EXERCISE BRIEF:
Each line below must be reproduced exactly, though the pictures are to be dropped.

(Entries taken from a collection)
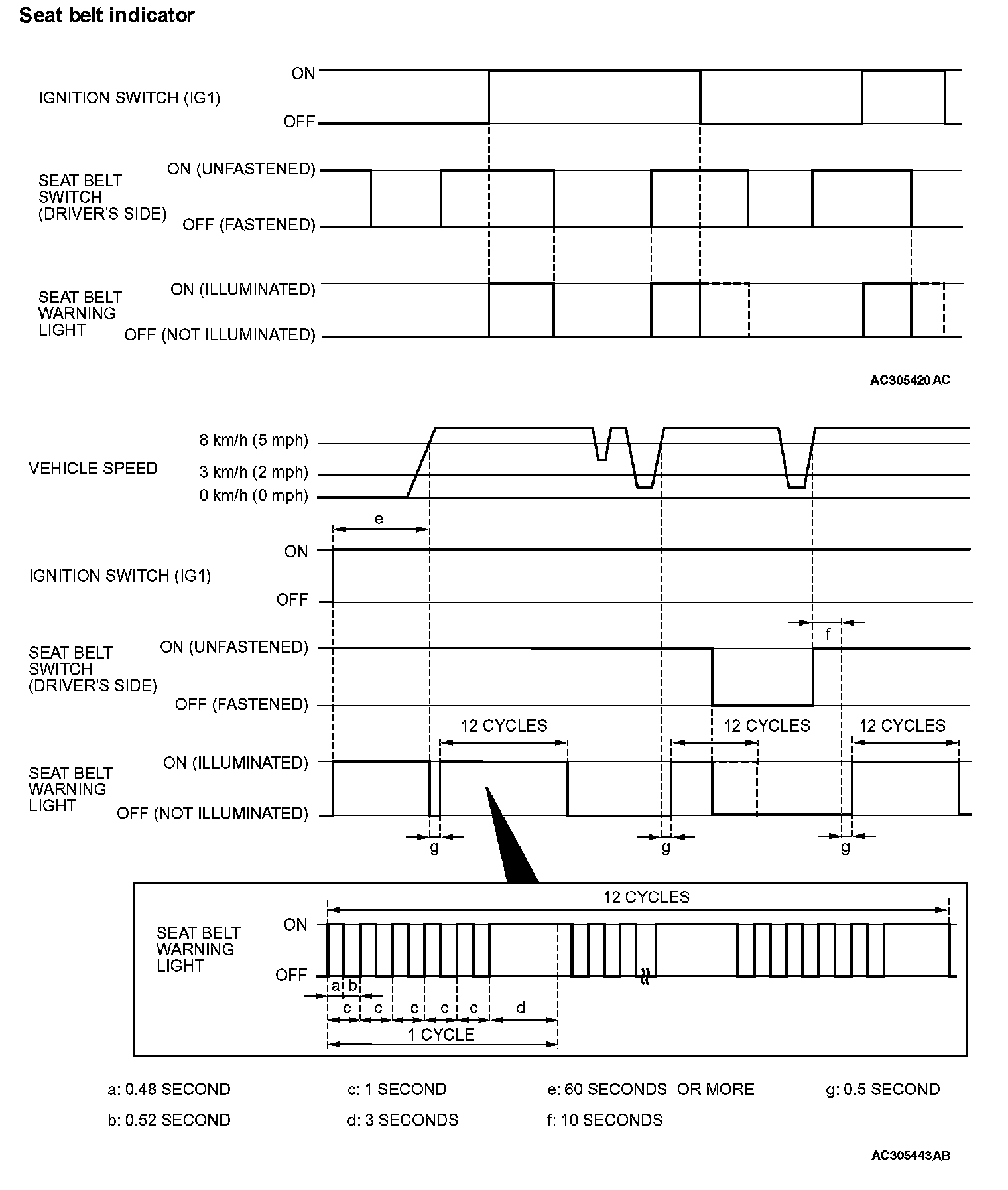 b. The seat belt switch has been turned on (driver's seat belt has not been fastened) for at least ten seconds while the ignition switch has been turned "ON" and the vehicle speed has been 8 km/h (5 mph) or more.
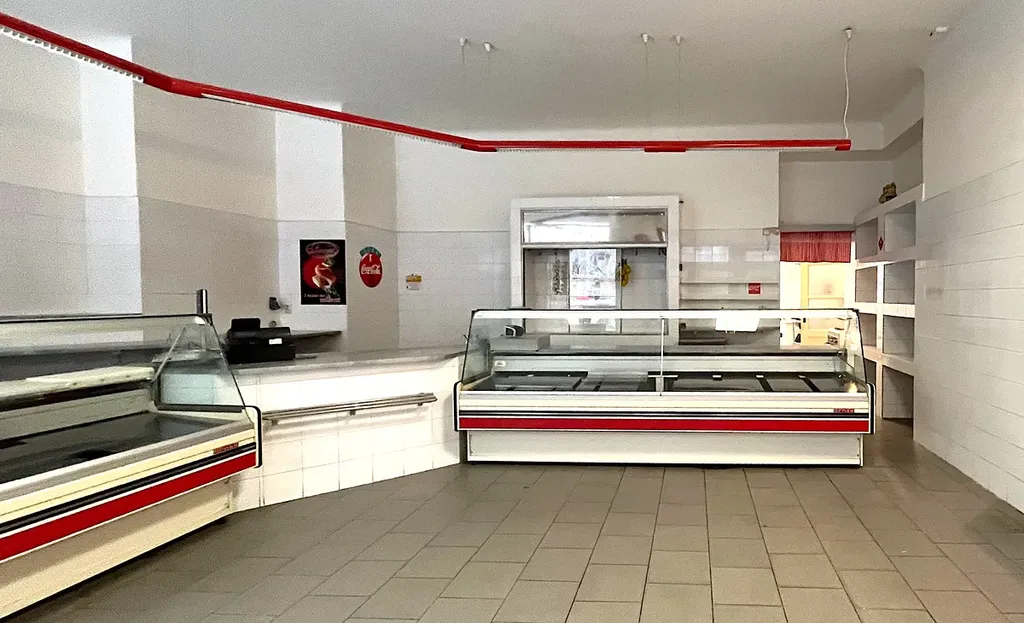 Prostor je členěn na vstupní prodejní část, na kterou navazuje střední část včetně dvou chladicích boxů, které lze v případě potřeby a dohody s majitelem demontovat.
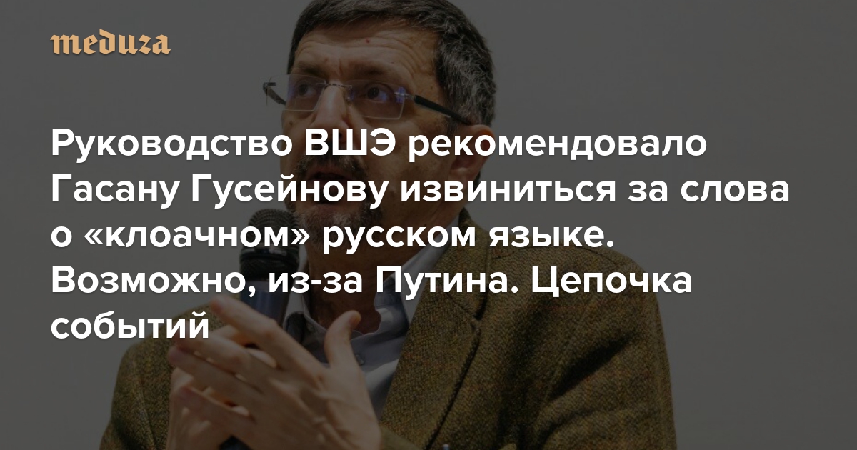 Руководство ВШЭ рекомендовало Гасану Гусейнову извиниться за слова о «клоачном» русском языке. Возможно, из-за Путина Цепочка событий
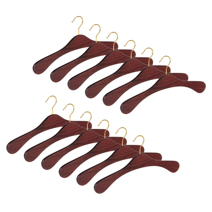 Der Garderobenbügel 1112 in Mahagoni-Optik ist eine perfekte Kombination aus zeitlosem Design und erstklassiger Funktionalität. Organisieren Sie Ihre Garderobe mühelos mit unserem 12er-Set dieser hochwertigen Bügel.
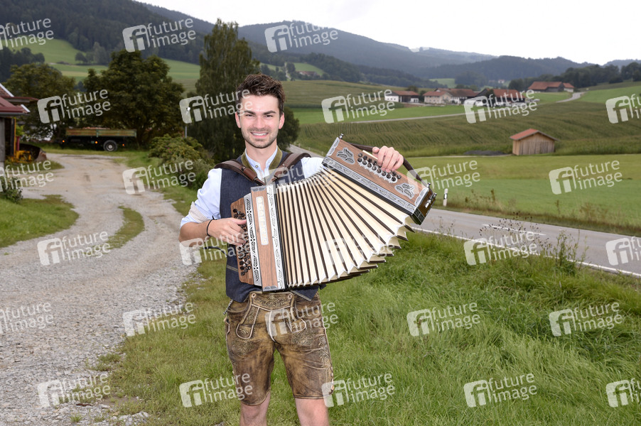 Entertainment, Prominenz, Celebrities, Celebrity, Homestory, Musiker, Akkordeonspieler, Sänger, Nachwuchskünstler in der volkstümlichen Musik, Schwarzhof, Bauernhof

COMPLETED EXERCISE:
 b. The seat belt switch has been turned on (driver's seat belt has not been fastened) for at least ten seconds while the ignition switch has been turned "ON" and the vehicle speed has been 8 km/h (5 mph) or more.
 Prostor je členěn na vstupní prodejní část, na kterou navazuje střední část včetně dvou chladicích boxů, které lze v případě potřeby a dohody s majitelem demontovat.
 Руководство ВШЭ рекомендовало Гасану Гусейнову извиниться за слова о «клоачном» русском языке. Возможно, из-за Путина Цепочка событий
 Der Garderobenbügel 1112 in Mahagoni-Optik ist eine perfekte Kombination aus zeitlosem Design und erstklassiger Funktionalität. Organisieren Sie Ihre Garderobe mühelos mit unserem 12er-Set dieser hochwertigen Bügel.
 Entertainment, Prominenz, Celebrities, Celebrity, Homestory, Musiker, Akkordeonspieler, Sänger, Nachwuchskünstler in der volkstümlichen Musik, Schwarzhof, Bauernhof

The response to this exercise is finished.